▸ Exercise:
For this listing, reproduce the line with "- Widely Uses: clear", the line with "Question(s) answered about", and the lines between, exactly as they stand. Leave out pictures and all other lines.

▸ Data supplied:
━━━━━━━━━━━━━━━━━━━━

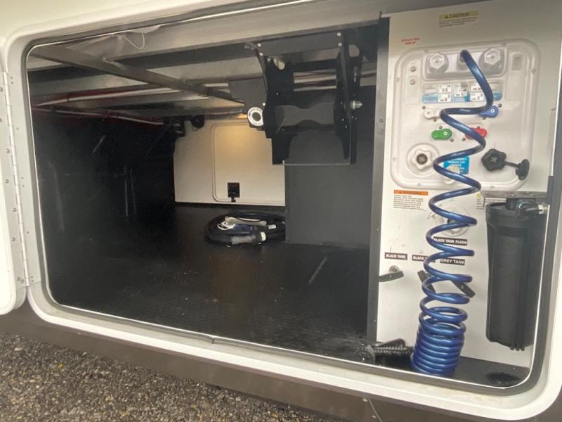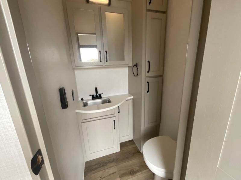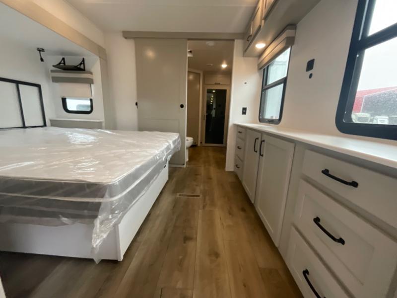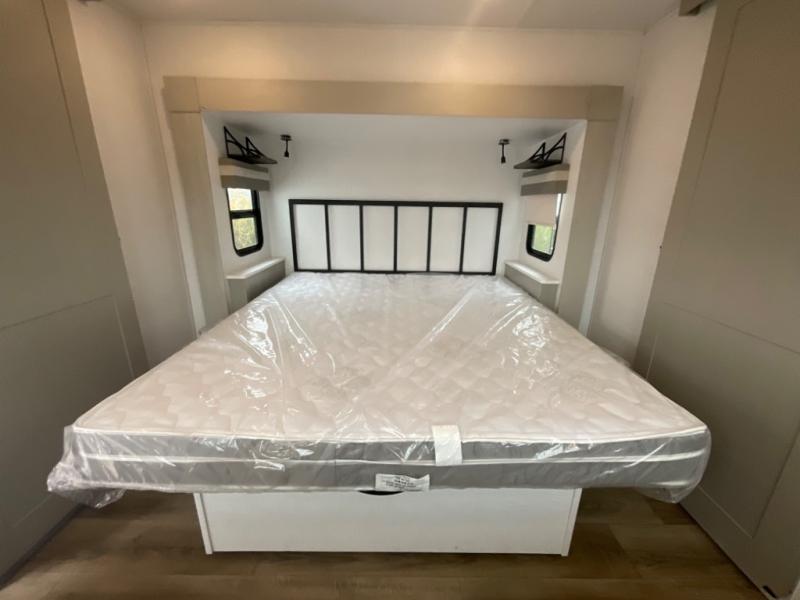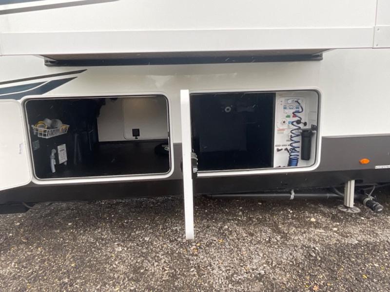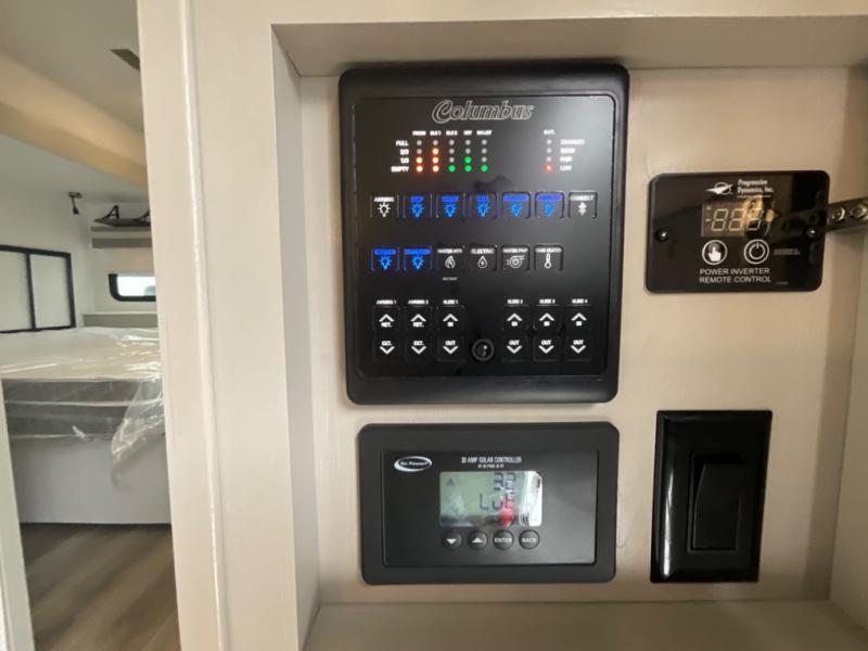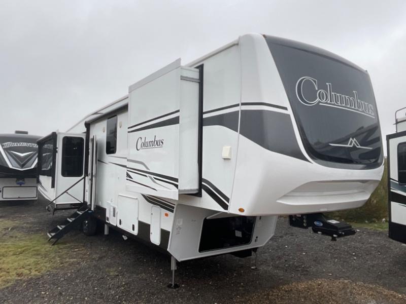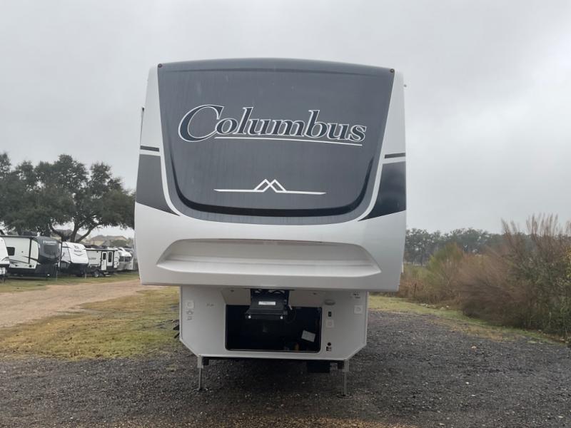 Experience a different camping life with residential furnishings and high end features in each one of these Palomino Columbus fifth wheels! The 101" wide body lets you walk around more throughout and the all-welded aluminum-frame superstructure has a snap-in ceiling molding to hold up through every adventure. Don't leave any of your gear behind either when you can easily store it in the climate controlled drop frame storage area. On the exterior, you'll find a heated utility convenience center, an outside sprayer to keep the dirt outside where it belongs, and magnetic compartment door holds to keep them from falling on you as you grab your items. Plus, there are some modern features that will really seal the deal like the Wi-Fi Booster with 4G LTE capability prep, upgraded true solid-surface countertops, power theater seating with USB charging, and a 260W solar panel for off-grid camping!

━━━━━━━━━━━━━━━━━━━━

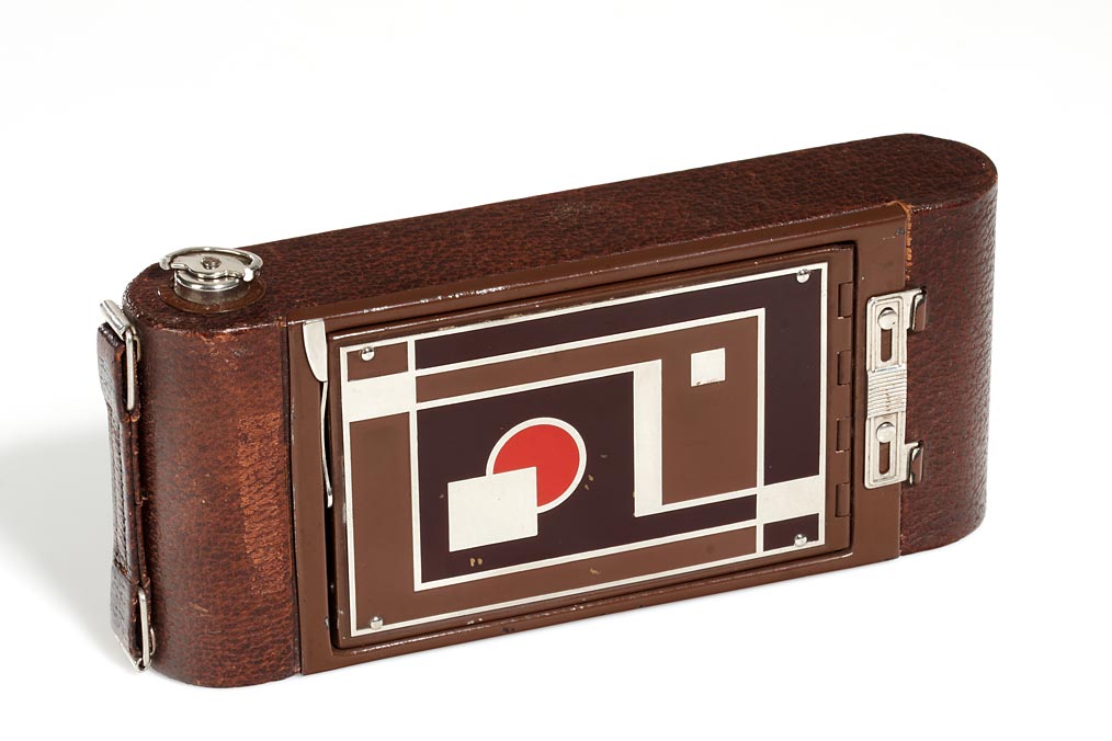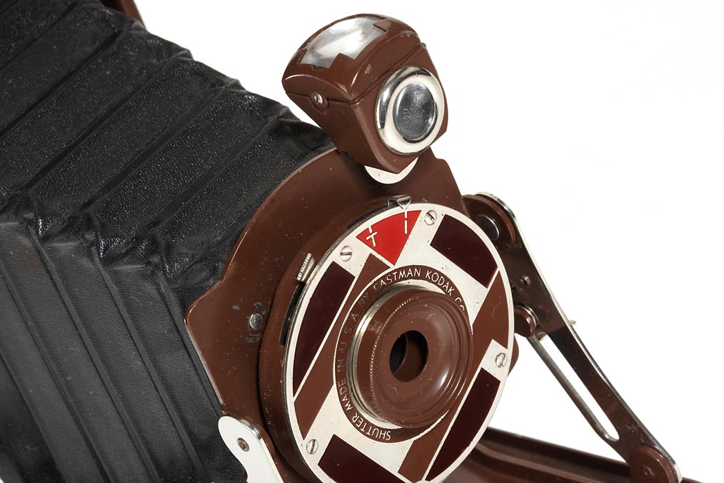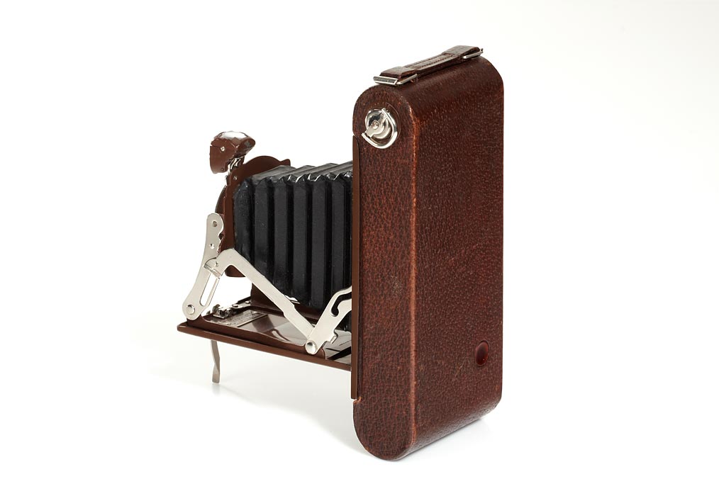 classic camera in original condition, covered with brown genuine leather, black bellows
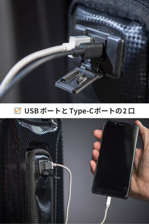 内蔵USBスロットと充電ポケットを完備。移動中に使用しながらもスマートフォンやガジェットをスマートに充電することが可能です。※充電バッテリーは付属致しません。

━━━━━━━━━━━━━━━━━━━━

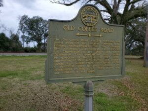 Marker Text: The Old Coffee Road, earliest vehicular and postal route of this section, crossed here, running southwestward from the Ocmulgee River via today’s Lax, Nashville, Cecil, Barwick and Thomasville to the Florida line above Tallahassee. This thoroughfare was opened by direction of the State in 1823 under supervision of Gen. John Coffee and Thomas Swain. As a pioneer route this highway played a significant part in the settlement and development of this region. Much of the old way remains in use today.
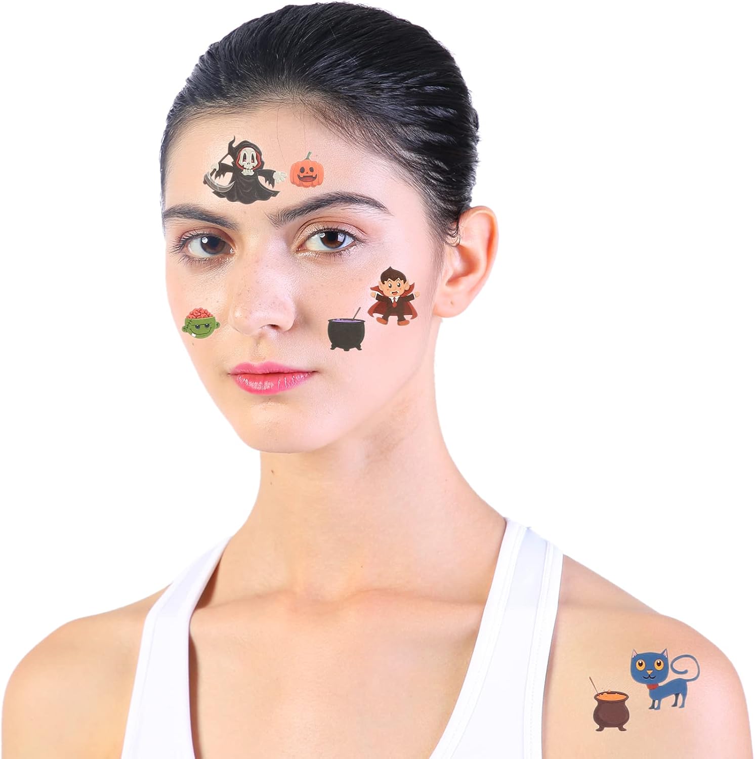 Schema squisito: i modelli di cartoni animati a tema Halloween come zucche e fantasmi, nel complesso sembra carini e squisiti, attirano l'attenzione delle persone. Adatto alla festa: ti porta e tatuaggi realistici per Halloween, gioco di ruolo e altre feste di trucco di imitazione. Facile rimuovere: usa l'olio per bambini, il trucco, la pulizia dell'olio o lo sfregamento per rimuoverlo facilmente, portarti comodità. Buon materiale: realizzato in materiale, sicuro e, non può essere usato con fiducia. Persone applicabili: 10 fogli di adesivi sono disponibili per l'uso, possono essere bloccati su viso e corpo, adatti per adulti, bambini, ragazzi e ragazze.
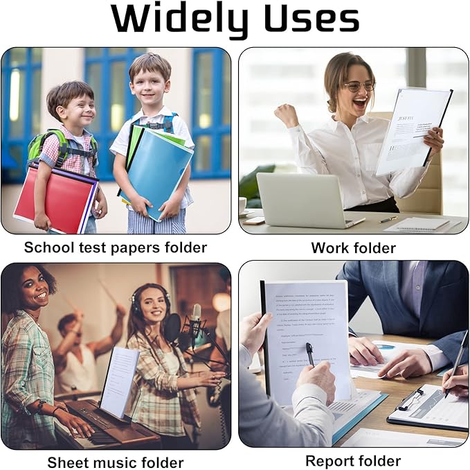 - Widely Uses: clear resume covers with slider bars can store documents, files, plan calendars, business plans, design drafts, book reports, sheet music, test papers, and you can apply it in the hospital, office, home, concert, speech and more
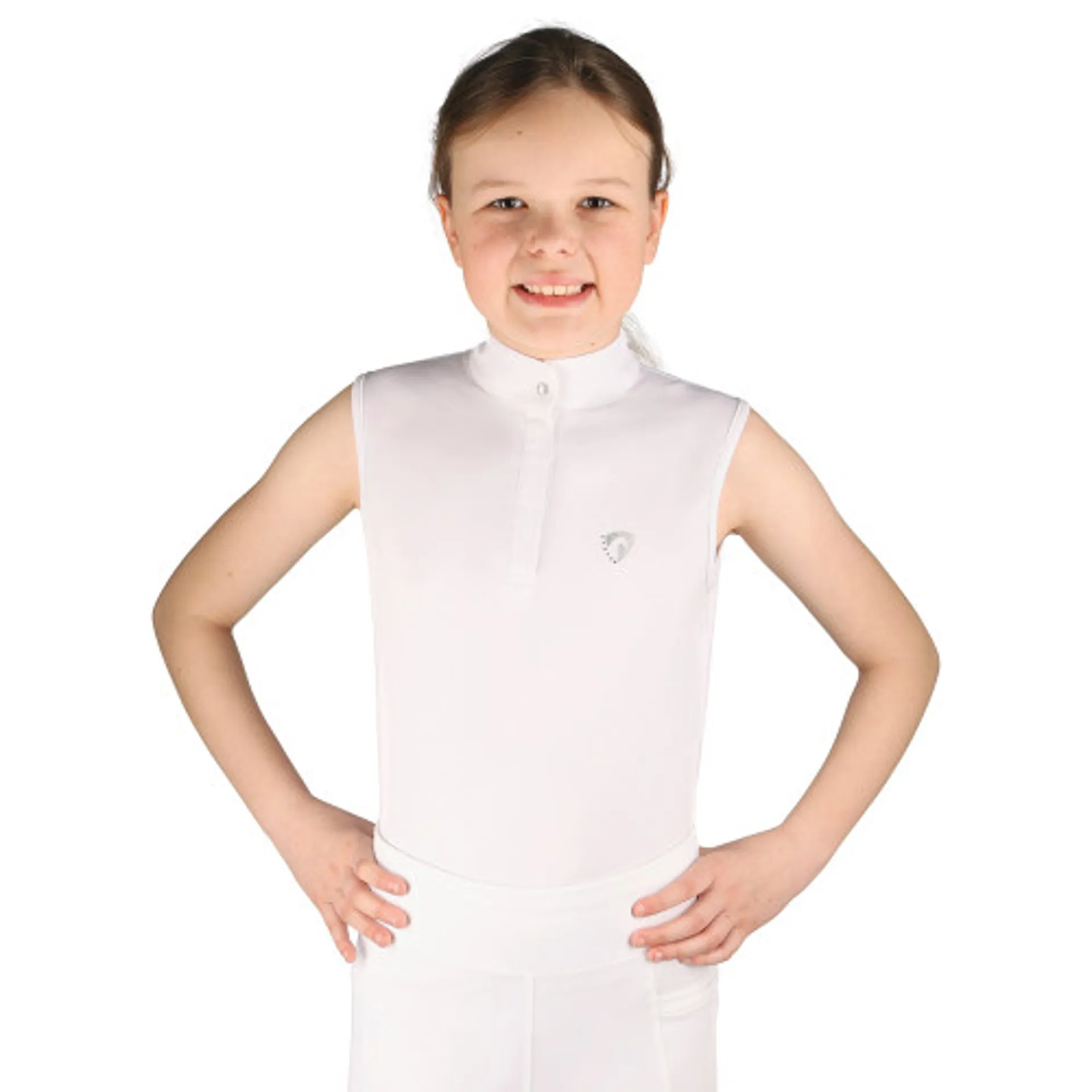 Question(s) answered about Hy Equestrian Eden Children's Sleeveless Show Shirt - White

━━━━━━━━━━━━━━━━━━━━

▸ Task output:
 - Widely Uses: clear resume covers with slider bars can store documents, files, plan calendars, business plans, design drafts, book reports, sheet music, test papers, and you can apply it in the hospital, office, home, concert, speech and more
 Question(s) answered about Hy Equestrian Eden Children's Sleeveless Show Shirt - White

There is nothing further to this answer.